Every line between the one containing "Prendi il controllo" and the last line of the data, both included, is to be set down exactly, and pictures are to be omitted.

─── GIVEN DATA

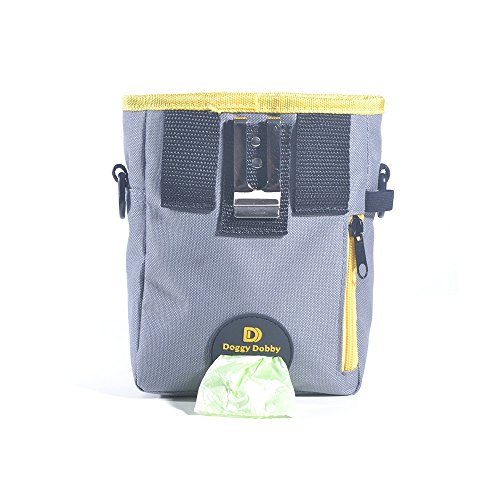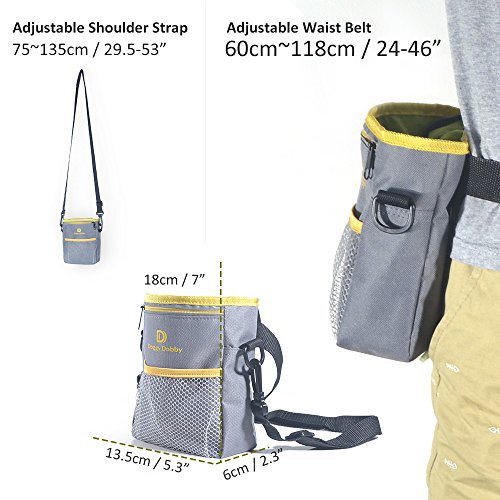 The Doggy Dobby Treat Pouch is an improved product after full researches of user's requirements.The length of waist belt and shoulder belt are customized according to statistical data,which provide comfortable wearing and convenient use.This dog treat training pouch is perfect for your dog walking and training,the size and pouch design is great for carrying our dog treats, kibble, toys,and your personal stuffs, such as keys, cash,cards,wallet and phone. Overall,this treat pouch won't let you down,it will be very convenient and helpful for your life. ? Material: Waterproof Nylon Fiber,Metal Buckles The item including: 1 x treat pouch (18*13.5*6cm / 7*5.3*2.3 inches, Grey) 1 x adjustable waist belt (60cm~118cm/24-46 inches)? 1 x adjustable shoulder strap (75-135cm / 29.5-53 inches)
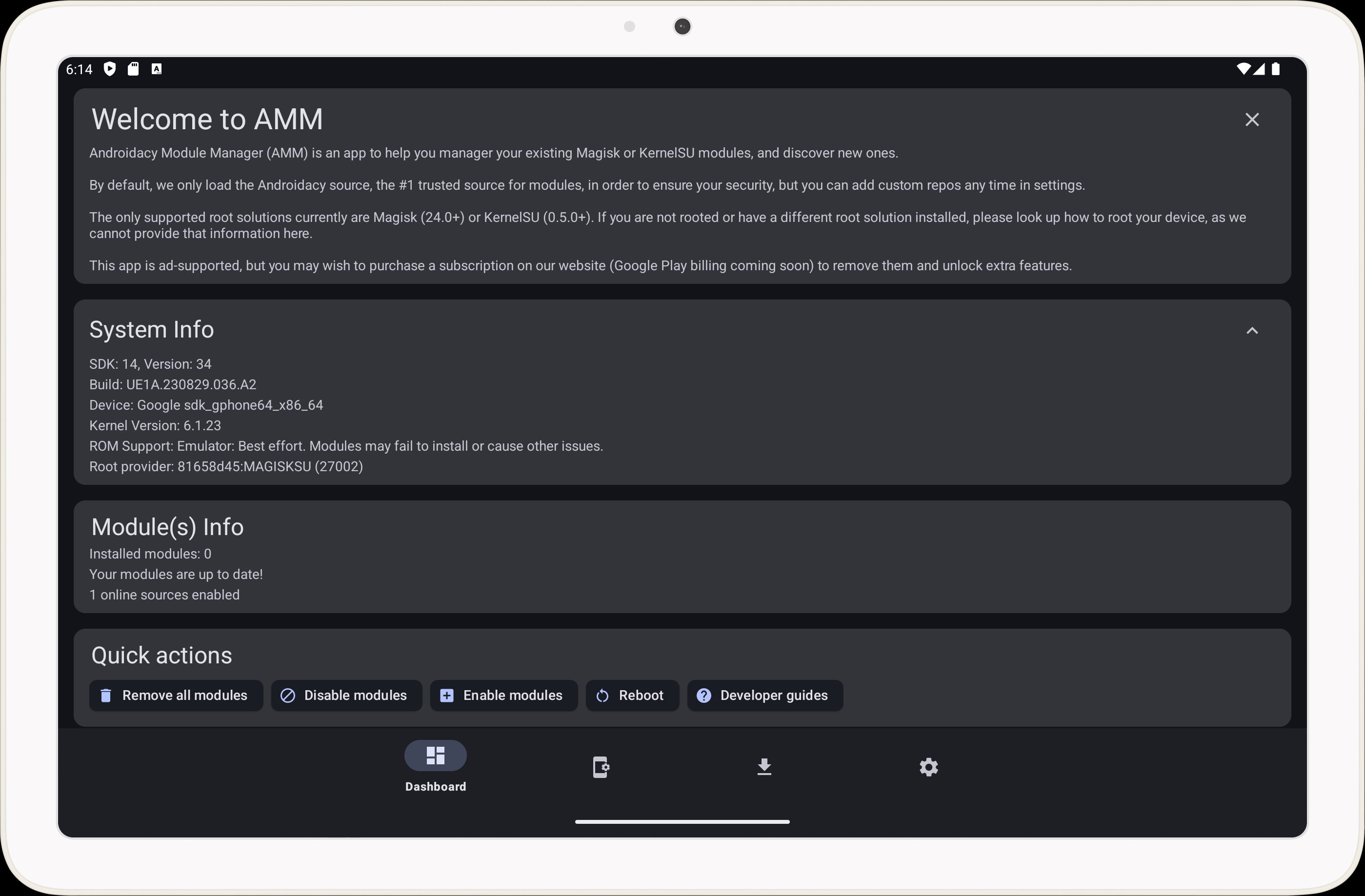 Prendi il controllo del tuo dispositivo come mai prima d'ora con Androidacy Module Manager, lo strumento definitivo per gestire, scoprire e installare moduli – ovvero plugin per framework root supportati che estendono le funzionalità e offrono caratteristiche aggiuntive. Che tu sia uno sviluppatore esperto, un appassionato di tecnologia o un utente comune, la nostra app è progettata per potenziare le capacità del tuo dispositivo.
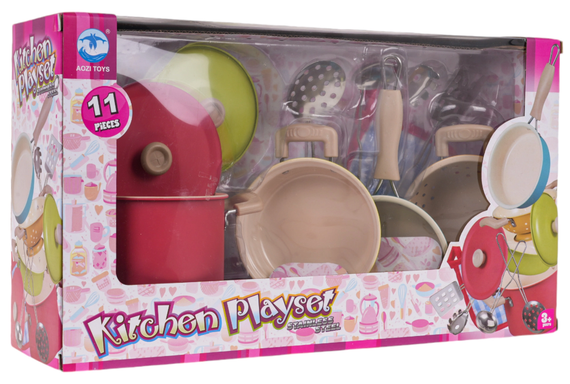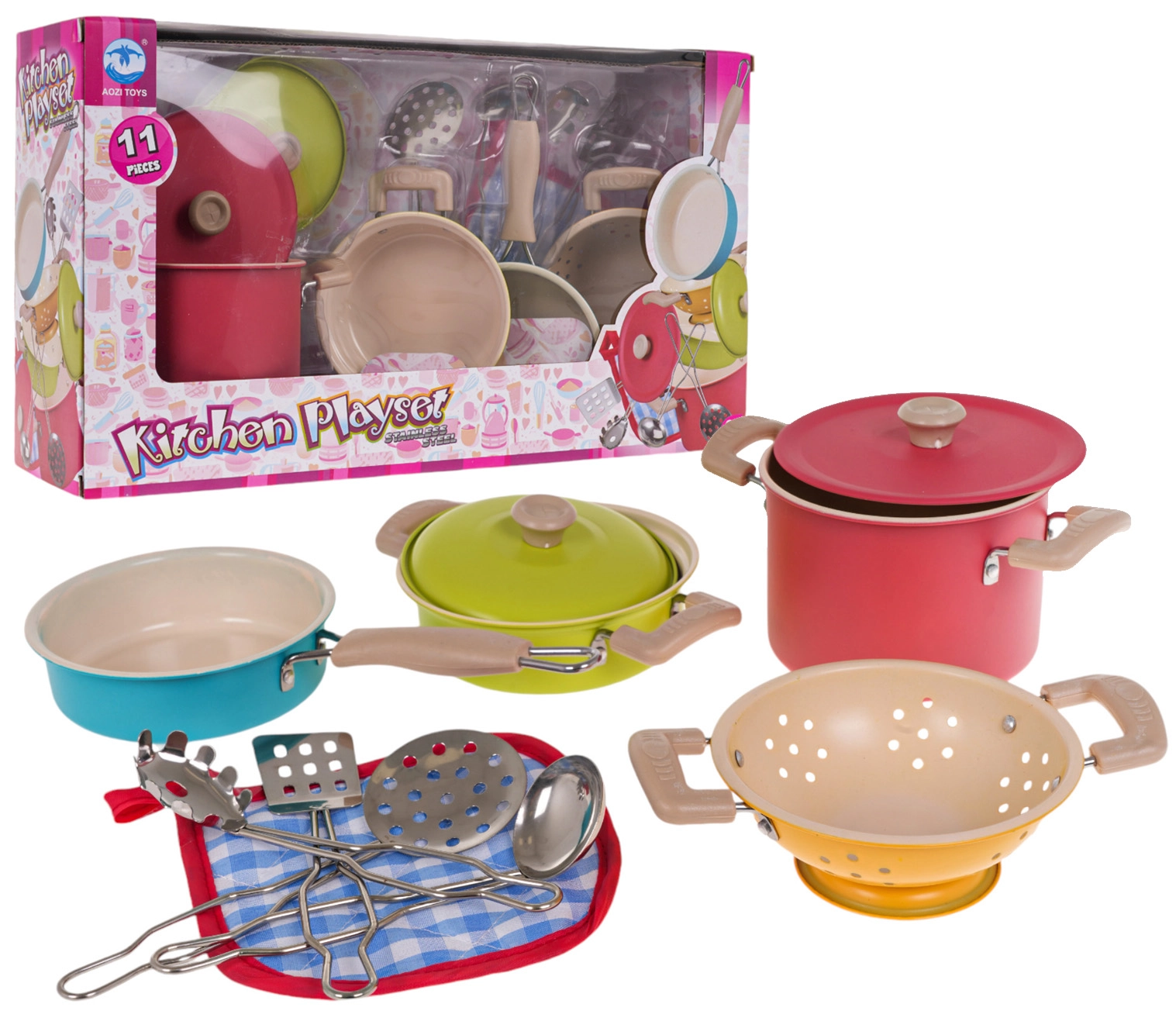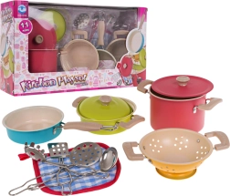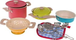 Развийте детското въображение с 11-частов комплект метални съдове и инструменти за малки готвачи от 3 години. Комплектът включва тенджери с капаци, тиган, цедка и прибори и впечатлява с ярки цветове, издръжлива метална изработка и богато съдържание за реалистична игра на готвене.

──────

* [SOLVED EXERCISE]:
 Prendi il controllo del tuo dispositivo come mai prima d'ora con Androidacy Module Manager, lo strumento definitivo per gestire, scoprire e installare moduli – ovvero plugin per framework root supportati che estendono le funzionalità e offrono caratteristiche aggiuntive. Che tu sia uno sviluppatore esperto, un appassionato di tecnologia o un utente comune, la nostra app è progettata per potenziare le capacità del tuo dispositivo.
 Развийте детското въображение с 11-частов комплект метални съдове и инструменти за малки готвачи от 3 години. Комплектът включва тенджери с капаци, тиган, цедка и прибори и впечатлява с ярки цветове, издръжлива метална изработка и богато съдържание за реалистична игра на готвене.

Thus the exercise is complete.